Arif Habib Ltd said the volume for mainboard stocks dropped while third-tier companies continued their dominance on the trading counter.
A lack of positive triggers on the market kept investors away from participation, said JS Global. According to analyst Ahsan Mehanti, dismal data on exports, down 16.6 per cent year-on-year, along with a drop in the cotton output by 37.23pc and a slump in petroleum sales by 11pc played a key role in in the bearish close.
As a result, the KSE-100 index settled at 40,539.30 points, down 91.34 points or 0.22pc from the preceding session.
The overall trading volume decreased 28.9pc to 142.9 million shares. The traded value went down 12.9pc to $19.1m on a day-on-day basis.

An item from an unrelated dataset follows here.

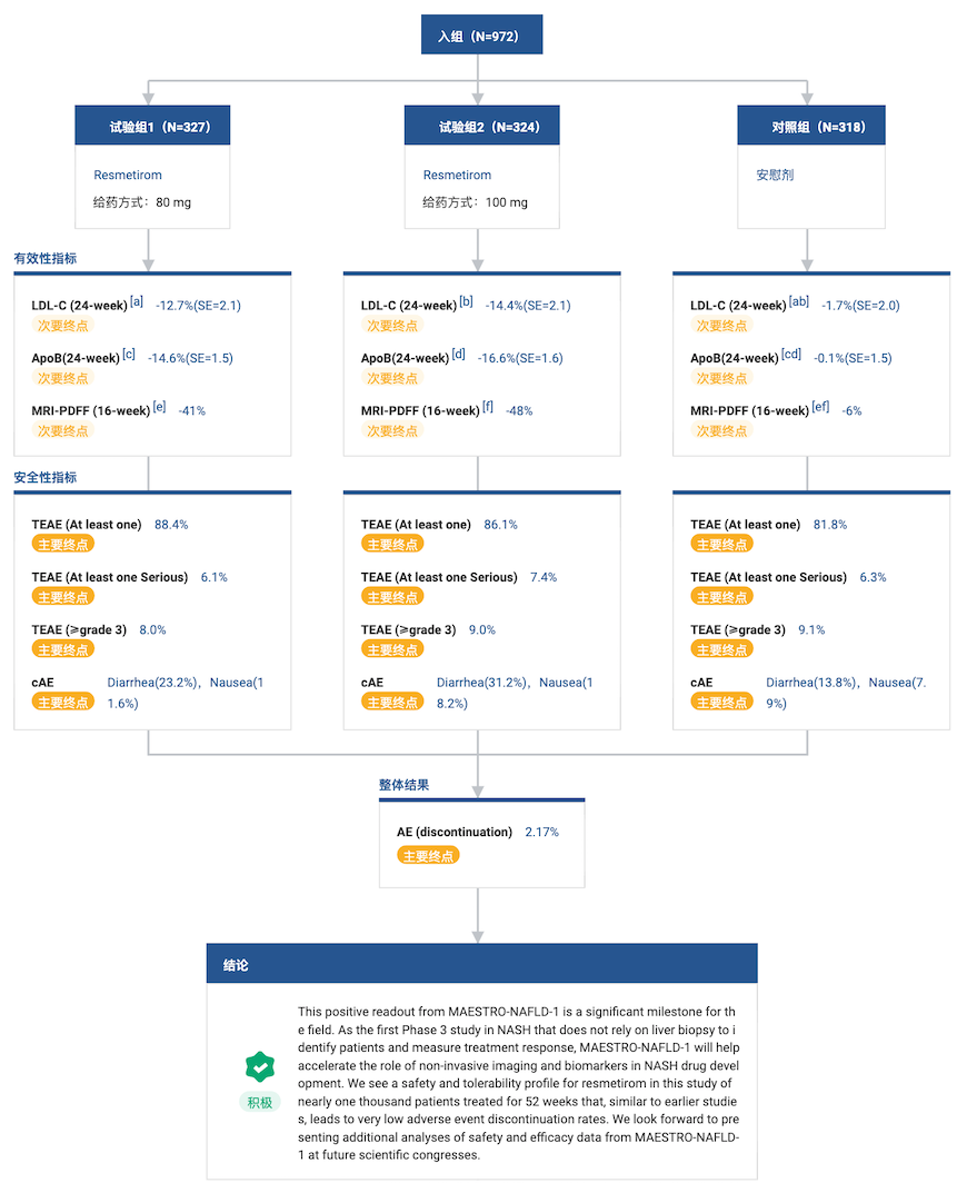 根据 Resmetirom III 期临床试验(登记号:NCT04197479)的 topline 数据显示,近 1000 例患者接受每日 80 mg 或 100 mg resmetirom 治疗 52 周安全性和耐受性良好。有效性方面,相对于安慰剂组,治疗 52 周后 resmetirom 治疗组平均肝脏脂肪含量下降(MRI-PDFF)超过 40%,同时伴随包括 LDLc 在内的血脂水平的显著改善。

Stocks contributing significantly to the traded volume included Dewan Farooque Motors Ltd (10.8m shares), Sui Southern Gas Company Ltd (10.7m shares), Al-Shaheer Corporation Ltd (9.3m shares), Sui Northern Pipelines Ltd (8.9m shares) and WorldCall Telecom Ltd (7.2m shares).

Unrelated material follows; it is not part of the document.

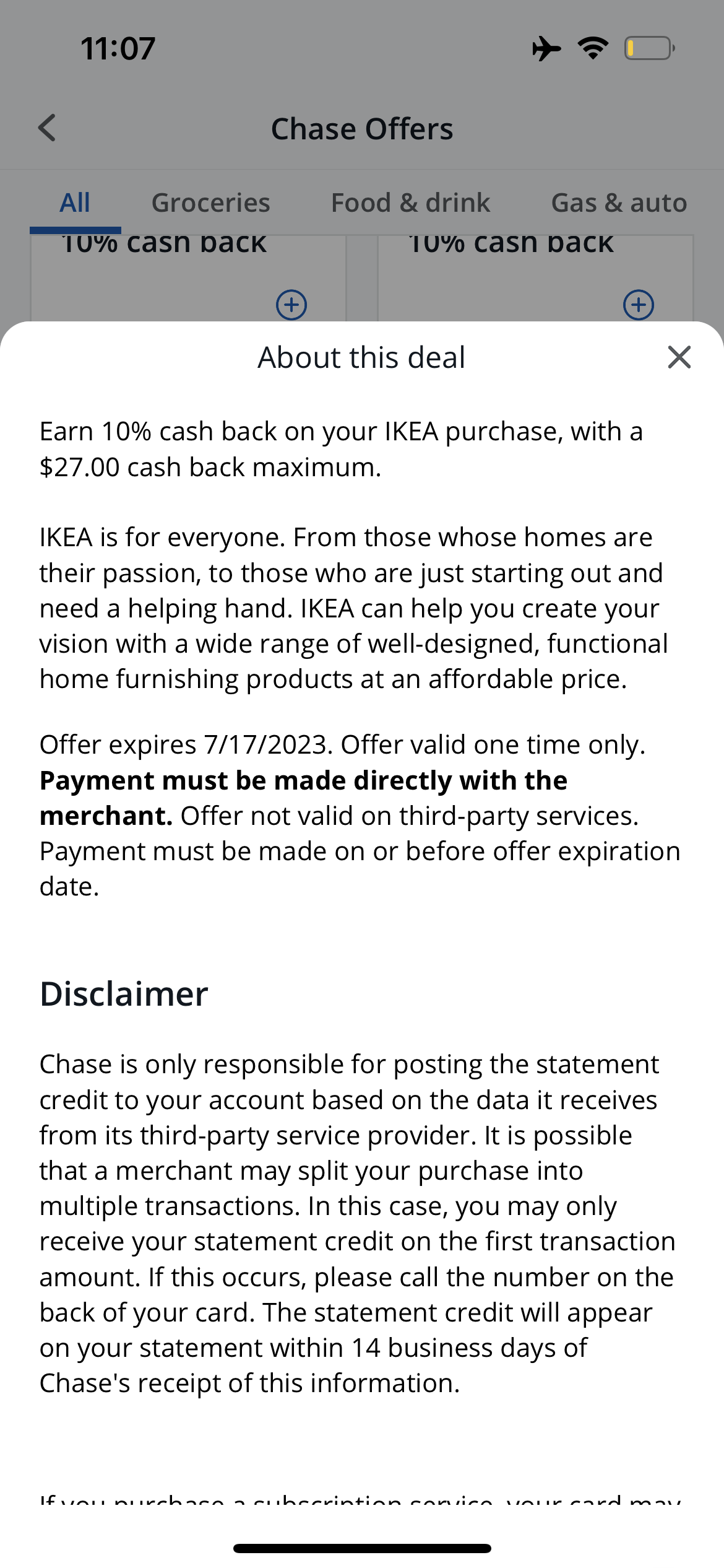 不能,chase offer是要在宜家买东西,这个是第三方卖gc的网站

Sectors contributing the most to the index performance were exploration and production (-49.4 points), commercial banking (-36.5 points), power generation and distribution (-17.7 points), engineering (-8.6 points) and oil marketing (-7.0 points).
Companies registering the biggest increases in their share prices in absolute terms were Rafhan Maize Products Company Ltd (Rs499), Premium Textile Mills Ltd (Rs34.97), Reliance Cotton and Spinning Mills Ltd (Rs26.09), Al-Abbas Sugar Mills Ltd (Rs24.25) and Pakistan Engineering Company Ltd (Rs21.56).

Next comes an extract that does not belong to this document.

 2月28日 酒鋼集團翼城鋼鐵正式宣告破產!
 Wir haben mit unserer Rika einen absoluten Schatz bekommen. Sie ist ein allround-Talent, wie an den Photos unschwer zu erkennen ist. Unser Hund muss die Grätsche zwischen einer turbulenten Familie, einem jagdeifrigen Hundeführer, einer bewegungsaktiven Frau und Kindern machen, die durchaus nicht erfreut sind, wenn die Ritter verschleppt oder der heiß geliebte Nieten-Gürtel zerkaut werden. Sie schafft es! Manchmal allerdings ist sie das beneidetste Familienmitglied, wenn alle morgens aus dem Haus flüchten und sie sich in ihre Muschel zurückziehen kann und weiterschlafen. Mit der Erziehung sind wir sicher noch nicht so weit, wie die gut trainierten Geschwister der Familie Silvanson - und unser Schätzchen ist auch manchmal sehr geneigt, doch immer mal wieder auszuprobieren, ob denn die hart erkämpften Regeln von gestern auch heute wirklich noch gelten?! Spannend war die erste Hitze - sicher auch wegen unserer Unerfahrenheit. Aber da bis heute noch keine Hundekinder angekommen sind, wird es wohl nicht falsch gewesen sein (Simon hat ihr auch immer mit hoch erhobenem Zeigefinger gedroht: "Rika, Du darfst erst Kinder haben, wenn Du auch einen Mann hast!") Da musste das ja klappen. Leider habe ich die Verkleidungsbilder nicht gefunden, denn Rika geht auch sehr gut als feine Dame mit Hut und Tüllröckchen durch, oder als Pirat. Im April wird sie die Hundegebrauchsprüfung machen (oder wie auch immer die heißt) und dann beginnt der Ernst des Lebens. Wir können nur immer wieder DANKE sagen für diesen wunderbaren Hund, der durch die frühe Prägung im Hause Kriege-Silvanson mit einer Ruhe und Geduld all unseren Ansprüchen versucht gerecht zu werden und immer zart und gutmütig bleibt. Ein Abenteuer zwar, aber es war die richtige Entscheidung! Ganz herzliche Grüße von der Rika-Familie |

Companies that recorded the biggest declines in their share prices in absolute terms were Nestle Pakistan Ltd (Rs100), JDW Sugar Mills Ltd (Rs14.66), the Thal Industries Corporation Ltd (Rs14.35), Suraj Cotton Mills Ltd (Rs11.62) and Pak Suzuki Motor Company Ltd (Rs10.62).
Foreign investors were net buyers as they purchased shares worth $0.12m.